12. Common Misconceptions

  • “Water is pumped by a suction device in the leaf.” – The pull is a physical tension transmitted through the cohesive water column; no biological pump is required.

  • “Cohesion alone can lift water to any height.” – Without adhesion to the conduit walls, the column would slip or cavitate under tension.

  • “Root pressure is the main driver of ascent in tall trees.” – Root pressure contributes only a few kilopascals; transpiration pull provides the dominant negative pressure.

  • “All water movement is driven by gravity.” – Water moves from higher to lower water potential, which may be opposite to the direction of gravity.

13. Integrated Step‑by‑Step Flow of Water (Root → Leaf)

  1. Root‑soil interface: Soil water (higher Ψ) contacts root hairs; adhesion to cell‑wall polysaccharides (pectin, cellulose) helps water enter the apoplast.

  2. Radial movement: Water moves through the cortex via apoplastic (cell‑wall) and symplastic (plasmodesmata) pathways; high A/V of root hairs accelerates uptake.

  3. Endodermis: Casparian strip forces water into the stele, ensuring it passes through the xylem.

  4. Xylem ascent: Hydrogen‑bonded water molecules form a cohesive column; adhesion to cellulose walls prevents breakage; capillary rise provides the initial lift.

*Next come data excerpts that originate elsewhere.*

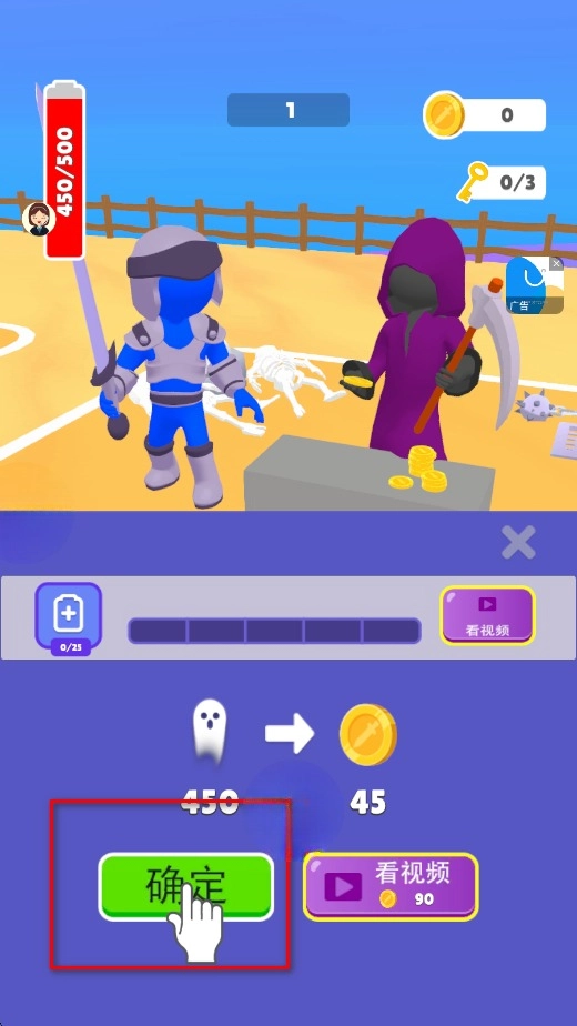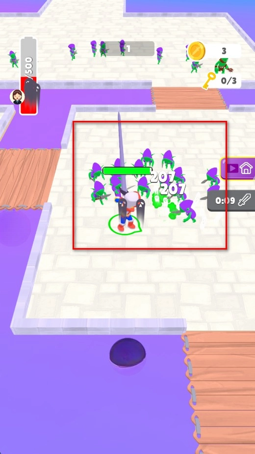 2、在战斗阶段,你需要操控角色在场景里移动,利用攻击键和释放技能来对抗紫色敌人,与此同时要留意躲避敌人的攻击,努力存活下来并推进关卡进度。
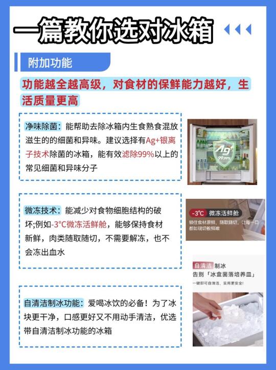 制冰功能:建议选择自清洁制冰功能的冰箱,不仅不需要手动清洁,还能保证冰块洁净,口感更好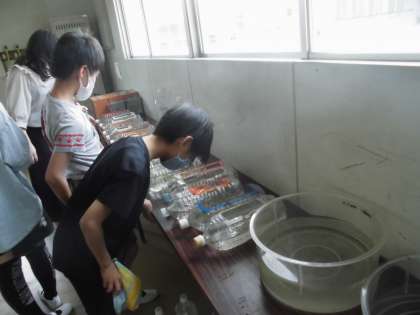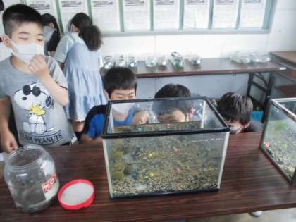 放課になると子どもたちはメダカの様子を見にやってきます。水槽のメダカと自分たちのペットボトル水槽のメダカ。そして、先週まで卵だったものから子メダカがたくさん産まれていました。えさをあげたり、水替えをしたり、大切に育てて観察しています。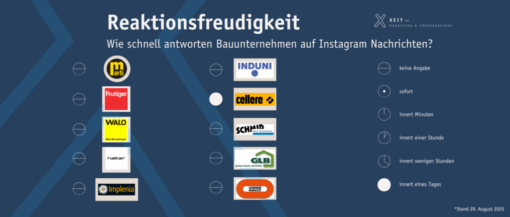 Ein Blick auf die Reaktionsfreudigkeit zeigt: Präsenz heisst nicht automatisch Dialog. Viele Bauunternehmen setzen stark auf Sichtbarkeit, doch in Punkto Interaktion bleiben sie noch zurückhaltend. Wir haben alle Unternehmen per DM kontaktiert und bekamen von Cellere innert eines Tages eine Antwort. Bei den restlichen Unternehmen haben wir auf unsere Anfrage hin nichts gehört. Vielleicht ein Zeichen, dass die Unternehmen in Zukunft mehr auch auf persönlichen Dialog setzen könnten. Denn ein gezielteres Community-Management ist wichtig, vor allem, wenn es um Recruiting, Employer Branding oder B2B-Kommunikation geht.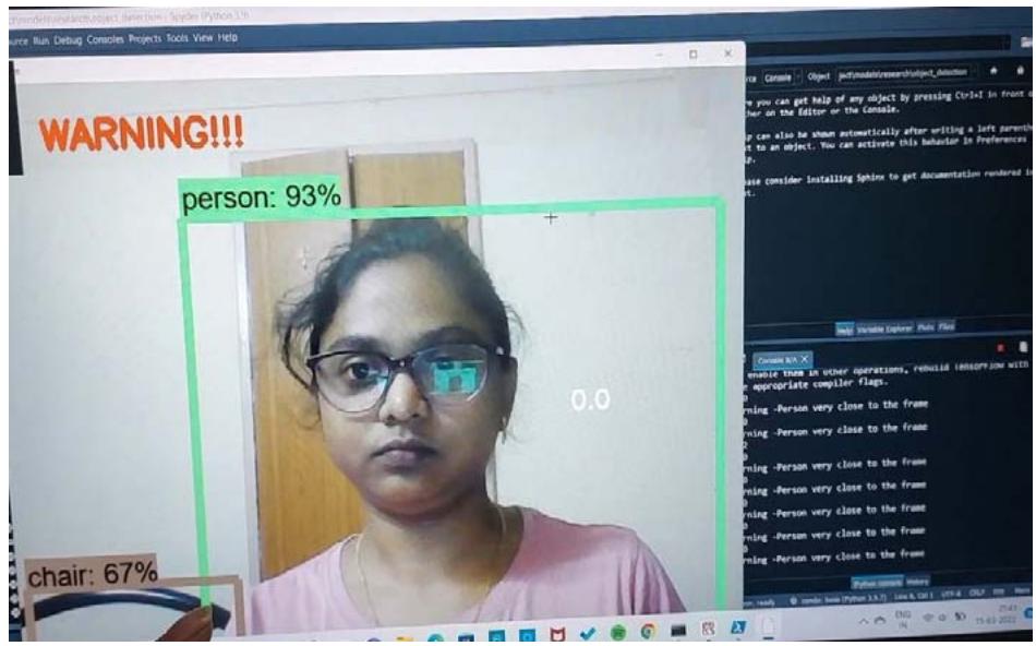 The suggested system is focused on object detection. The technology has been designed to be wearable and portable. The system is attached to the person's chest. The video of the scene is captured by the Raspberry Pi camera, which is then translated into frames by the processor. The auditory output from the system directs the user to the object. Figure 6 depicts the detection of an object (blue cell phone) and a person. A chair is spotted with a person in Figure 7. The system outputs the object's name as well as the object's likelihood as a percentage. As a result, the system will only detect items with a probability larger than the set threshold. Because You Only Look Once (YOLO) is employed to implement the system on the Android platform, the accuracy of object recognition is reduced. It shows the object's name as well as its probability. Through the device's speakers, the programme also informs the user of the class designation and the distance between the object and the camera.

  5. Transpiration pull: Evaporation from mesophyll cells creates a strong negative Ψp in the leaf; tension is transmitted up the column.

  6. Root pressure (optional): At night, active ion uptake generates a modest positive Ψp that can push water upward, evident as guttation.

  7. Delivery to cells: Water exits the xylem through pits into surrounding parenchyma, where it is used for metabolism or stored.

14. Suggested Diagram for Exam Practice

Draw a cross‑section of a leaf showing:

  • Water movement from a root to a leaf vein.

  • Hydrogen bonds between water molecules (label “cohesion”).

  • Hydrogen bonds between water and cellulose in vessel walls (label “adhesion”).

  • Stomatal pore with arrows indicating evaporation and the resulting tension.

  • Capillary rise in a narrow tracheid.

15. Summary

Hydrogen bonding gives water its unique cohesive and adhesive properties. Cohesion creates a tensile‑strong column that transmits the negative pressure generated by transpiration (cohesion‑tension theory). Adhesion to cellulose in the xylem walls anchors this column, prevents cavitation, and contributes to capillary rise. Together with water‑potential gradients, surface‑area‑to‑volume effects, and, to a lesser extent, root pressure, these mechanisms enable efficient upward transport of water in vascular plants. The same physical principles—pressure gradients, diffusion, and binding equilibria—underlie water and solute movement in animal circulatory systems, highlighting the universal importance of hydrogen bonding in biology.